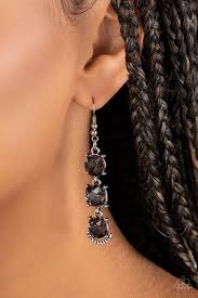 A trio of bold smokey rhinestones, set in pronged silver fittings, stack one above the other. The center rhinestone is almost imperceptibly square rather than round and the final rhinestone is accented with a gritty metallic crescent etched with ropelike texture, creating a ruggedly glamorous lure. Earring attaches to a standard fishhook fitting.
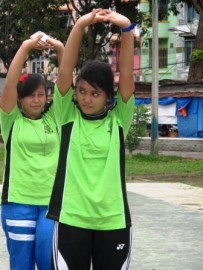 Siswa sebuah sekolah swasta Kota Binjai sedang senam di lapangan merdeka Binjai, Rabu (18/1). Dana Bos diharapkan oleh siswa - siswa Binjai segera datang agar dapat dipergunakan untuk keperluar sekolahnya.
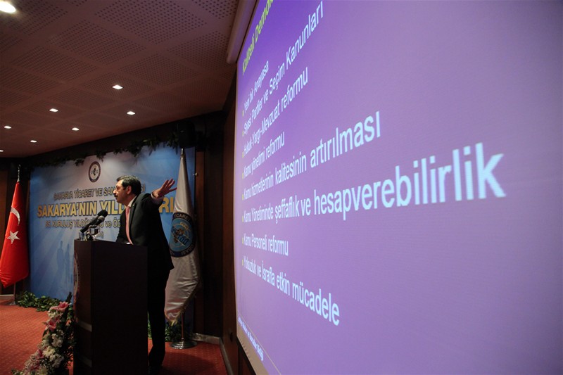 "Şehrimizde de çok düzeyli bir birlikteliğimiz var. Başta sayın Valimiz, büyükşehir belediye başkanımız ve SATSO başkanımızın başkanlığında Sakarya ekonomisinin bugününe ve yarınlarına yön vermeye bir vizyon belirlemeye çalışıyoruz. Daha dün sayın valimiz başkanlığında 2023 Sakarya vizyonunu konuştuk, tartıştık ve tartışmaya devam edecek. İş adamlarımızın, esnaflarımızın sıkıntılarını biliyoruz. Buralardan aldığımız bilgileri değerlendirip bakanlarımıza ve sayın Başbakanımıza iletiyoruz ve iletmeye de devam ediyoruz."
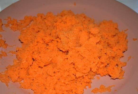 - We spreiden de wortelen in een diepe en gemakkelijk te kneden plaat. We voegen geen suiker toe, omdat de groente zelf de nodige zoete smaak zal geven.
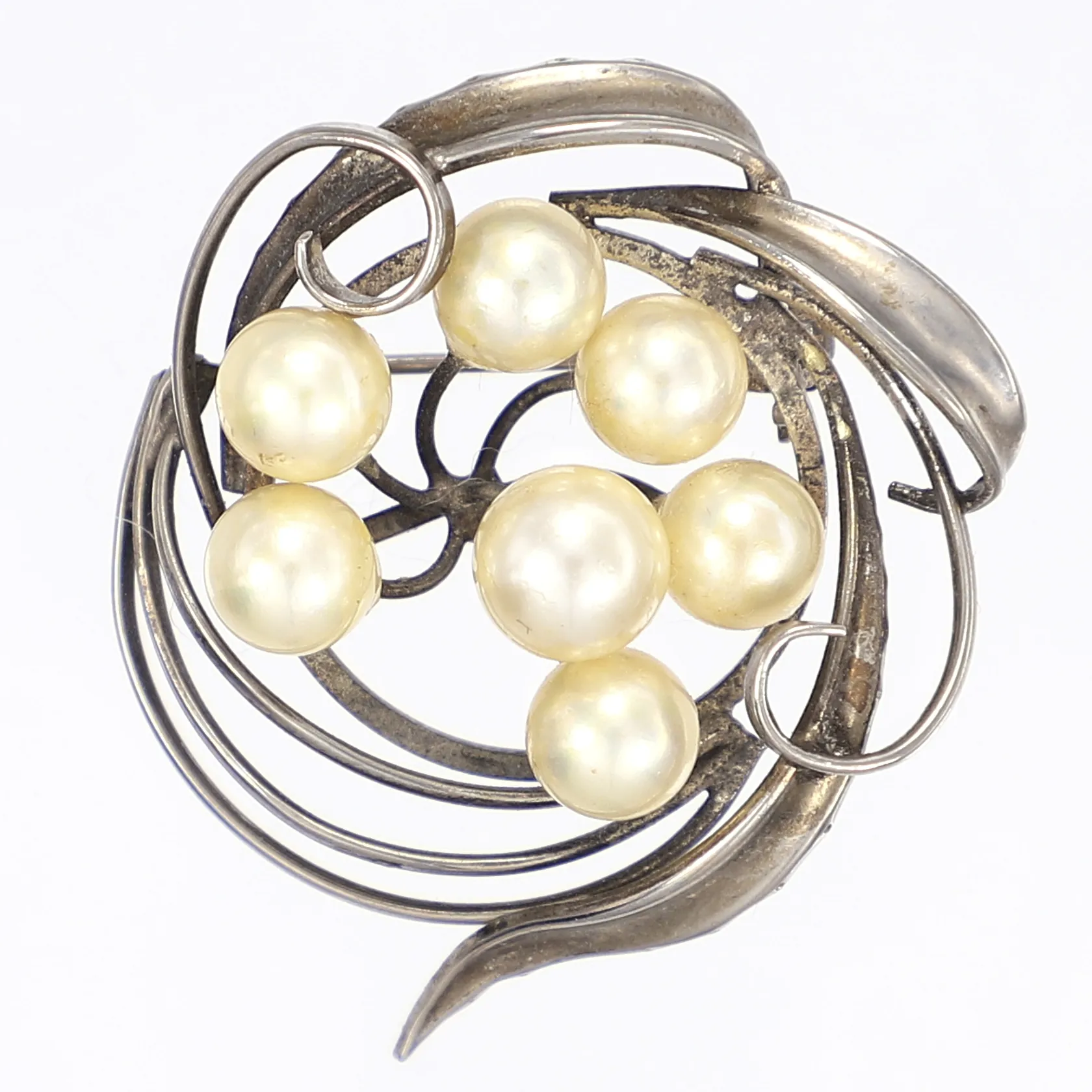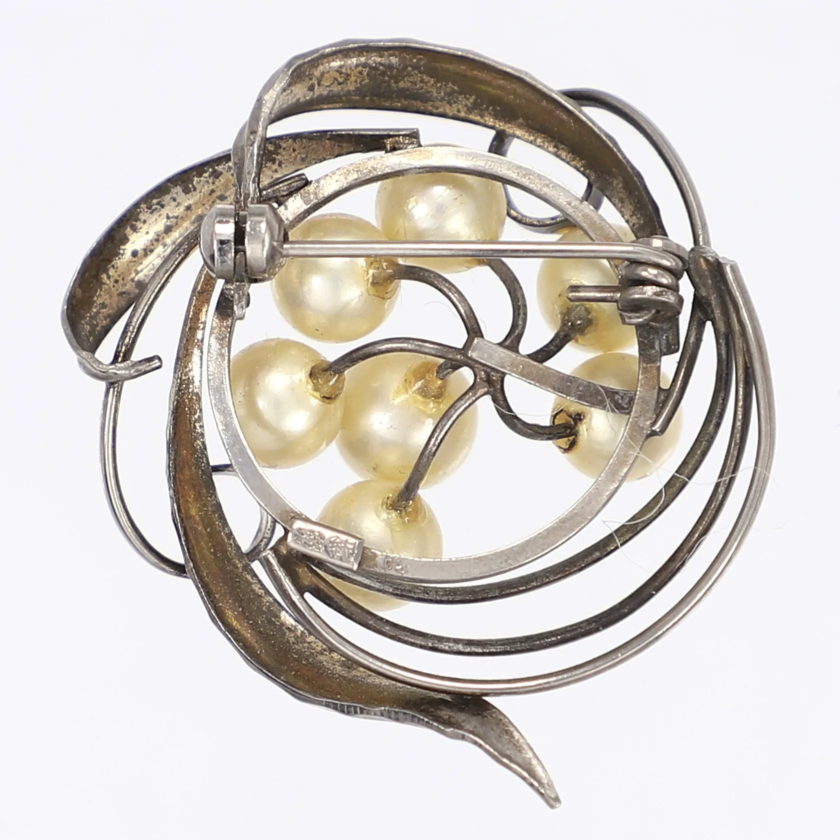 Brosch med imitationspärlor Ø40mm troligen kinesiska stämplar smärre slitage silver 830/1000 Vikt: 9,9 g.

+ + + + +

WHAT THIS TASK INVOLVES
Copy nothing but the lines above from the one with "Siswa sebuah sekolah" through the end of the material, word for word, and drop the pictures.

TASK RESULT
 Siswa sebuah sekolah swasta Kota Binjai sedang senam di lapangan merdeka Binjai, Rabu (18/1). Dana Bos diharapkan oleh siswa - siswa Binjai segera datang agar dapat dipergunakan untuk keperluar sekolahnya.
 "Şehrimizde de çok düzeyli bir birlikteliğimiz var. Başta sayın Valimiz, büyükşehir belediye başkanımız ve SATSO başkanımızın başkanlığında Sakarya ekonomisinin bugününe ve yarınlarına yön vermeye bir vizyon belirlemeye çalışıyoruz. Daha dün sayın valimiz başkanlığında 2023 Sakarya vizyonunu konuştuk, tartıştık ve tartışmaya devam edecek. İş adamlarımızın, esnaflarımızın sıkıntılarını biliyoruz. Buralardan aldığımız bilgileri değerlendirip bakanlarımıza ve sayın Başbakanımıza iletiyoruz ve iletmeye de devam ediyoruz."
 - We spreiden de wortelen in een diepe en gemakkelijk te kneden plaat. We voegen geen suiker toe, omdat de groente zelf de nodige zoete smaak zal geven.
 Brosch med imitationspärlor Ø40mm troligen kinesiska stämplar smärre slitage silver 830/1000 Vikt: 9,9 g.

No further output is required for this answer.